Consider the size of the web in terms of graph size:
- Thinking of vertices as pages, we have 4.77 billion - 50 billion (i.e. large changes per day)
- Thinking of links as directed edges, we have 100 billion - 1 trillion links
We have a power law for the fraction of pages that have $k$ links, i.e. $P(k) \sim k^{-\gamma}$
- Lots of pages have 0-1 in-links

Note Fibonacci binning ⇒ bin size increases by Fibonacci sequence, should use if plotting to log-log space.
- The most common out-degree of a web page is also 1

It is clear that the web graph is big data, so we need Hadoop. We observe that many graph algorithms involve:
- local computations for each node
- propagating these results to neighbors (i.e. graph traversal - think Dijkstra’s for example)
Thus, we must consider:
- Best representation for a graph?
- Adjacency list - easy to consider Key-value pairs, as keys are vertices, values are the corresponding adjacency lists
- How to perform local computations?
- Local computation ⇒ notion of independence, easier to model with MapReduce
- How to perform traversal? (propagation)

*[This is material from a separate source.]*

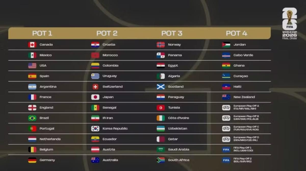 A cerimônia colocará as equipes em quatro potes com base nos rankings mundiais e nas regras continentais. Os três anfitriões estão divididos em grupos separados ao lado das nações mais bem classificadas, como a atual campeã Argentina, Espanha, França e Inglaterra.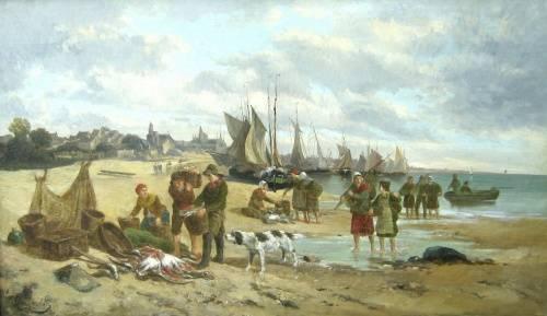 <B>Artist:</B> Clement Quinton (French, 1851-1920)<BR><B>Title:</B> Landing the catch<BR><b>Medium:</b> Oil on canvas<BR><b>Size:</b> 24" x 42"<BR><b>Signed:</b> Lower left 'Quinton'

- Collecting propagated messages to other vertices is reduce-like (sending messages to neighbors is non-local computation)
- If we override hash partitioner, we can try to partition in a way to minimize number of inter-partition edges
We will often do a BFS.
Single Source Shortest Path
In this problem, we want to find the shortest path from a single source node to all other nodes. Note that “shortest” in this context can refer to fewest links or the lowest total weight.